The previous storefront implementation‘s development, started over 15 years ago when Tobi launched Snowdevil, lived within Shopify’s Ruby on Rails monolith. Over the years, we realized that the “storefront” part of Shopify is quite different from the other parts of the monolith: it has much stricter performance requirements and can accept more complexity implementation-wise to improve performance, whereas other components (such as payment processing) need to favour correctness and readability.
In addition to this difference in paradigm, storefront requests progressively became slower to compute as we saw more storefront traffic on the platform. This performance decline led to a direct impact on our merchant storefronts’ performance, where time-to-first-byte metrics from Shopify servers slowly crept up as time went on.
Here’s how the previous architecture looked:
Old Storefront Implementation
Before, the Rails monolith handled almost all kinds of traffic: checkout, admin, APIs, and storefront.
With the new implementation, traffic routing looks like this:
New Storefront Implementation
The Rails monolith still handles checkout, admin, and API traffic, but storefront traffic is handled by the new implementation.
Designing the new storefront implementation from the ground up allowed us to think about the guarantees we could provide: we took the opportunity of this evergreen project to set us up on strong primitives that can be extended in the future, which would have been much more difficult to retrofit in the legacy implementation. An example of these foundations is the decision to design the new implementation on top of an active-active replication setup. As a result, the new implementation always reads from dedicated read replicas, improving performance and reducing load on the primary writers.
Similarly, by rebuilding and extracting the storefront-related code in a dedicated application, we took the opportunity to think about building the best developer experience possible: great debugging tools, simple onboarding setup, welcoming documentation, and so on.
Finally, with improving performance as a priority, we work to increase resilience and capacity in high load scenarios (think flash sales: events where a large number of buyers suddenly start shopping on a specific online storefront), and invest in the future of storefront development at Shopify.

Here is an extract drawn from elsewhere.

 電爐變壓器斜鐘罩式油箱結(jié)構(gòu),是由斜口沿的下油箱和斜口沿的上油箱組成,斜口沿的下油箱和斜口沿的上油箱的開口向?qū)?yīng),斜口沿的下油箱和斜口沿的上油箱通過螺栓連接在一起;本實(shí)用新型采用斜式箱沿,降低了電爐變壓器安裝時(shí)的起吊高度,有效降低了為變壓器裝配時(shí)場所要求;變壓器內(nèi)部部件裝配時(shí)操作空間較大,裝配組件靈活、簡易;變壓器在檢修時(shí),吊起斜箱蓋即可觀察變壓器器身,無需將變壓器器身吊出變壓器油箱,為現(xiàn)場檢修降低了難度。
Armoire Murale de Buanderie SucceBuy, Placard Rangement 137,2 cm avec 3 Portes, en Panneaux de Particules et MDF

The end result is a fast, resilient, single-purpose application that serves high-throughput online storefront traffic for merchants on the Shopify platform as quickly as possible.

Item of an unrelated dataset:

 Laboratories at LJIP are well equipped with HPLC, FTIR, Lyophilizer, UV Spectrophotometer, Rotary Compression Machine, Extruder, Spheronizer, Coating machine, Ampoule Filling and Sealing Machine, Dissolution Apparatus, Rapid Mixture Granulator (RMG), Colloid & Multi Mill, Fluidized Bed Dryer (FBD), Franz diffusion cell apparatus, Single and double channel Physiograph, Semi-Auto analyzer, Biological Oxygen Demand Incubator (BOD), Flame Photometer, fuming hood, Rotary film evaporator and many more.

Defining our success criteria
Once we clearly outlined the problem we’re trying to solve and scoped out the project, we defined three main success criteria:
- Establishing feature parity: for a given input, both implementations generate the same output.
- Improving performance: the new implementation runs on active-active replication setup and minimizes server response times.
- Improving resilience and capacity: in high-load scenarios, the new implementation generally sustains traffic without causing errors.
Building a verifier mechanism
Before building the new implementation, we needed a way to make sure that whatever we built would behave the same way as the existing implementation. So, we built a verifier mechanism that compares the output of both implementations and returns a positive or negative result depending on the outcome of the comparison.
This verification mechanism runs on storefront traffic in production, and it keeps track of verification results so we can identify differences in output that need fixing. Running the verifier mechanism on production traffic (in addition to comparing the implementations locally through a formal specification and a test suite) lets us identify the most impactful areas to work on when fixing issues, and keeps us focused on the prize: reaching feature parity as quickly as possible. It’s desirable for multiple reasons:
- giving us an idea of progress and spreading the risk over a large amount of time
- shortening the period of time that developers at Shopify work with two concurrent implementations at once
- providing value to Shopify merchants as soon as possible.
There are two parts to the entire verifier mechanism implementation:
- A verifier service (implemented in Ruby) compares the two responses we provide and returns a positive or negative result depending on the verification outcome. Similar to a `diff` tool, it lets us identify differences between the new and legacy implementations.
- A custom nginx routing module (implemented in Lua on top of OpenResty) sends a sample of production traffic to the verifier service for verification. This module acts as a router depending on the result of the verifications for subsequent requests.
The following diagram shows how each part interacts with the rest of the architecture:
Legacy implementation and new implementation at the same conceptual layer
The legacy implementation (the Rails monolith) still exists, and the new implementation (including the Verifier service) is introduced at the same conceptual layer. Both implementations are placed behind a custom routing module that decides where to route traffic based on the request attributes and the verification data for this request type. Let’s look at an example.
When a buyer’s device sends an initial request for a given storefront page (for example, a product page from shop XYZ), the request is sent to Shopify’s infrastructure, at which point an nginx instance handles it. The routing module considers the request attributes to determine if other shop XYZ product page requests have previously passed verification.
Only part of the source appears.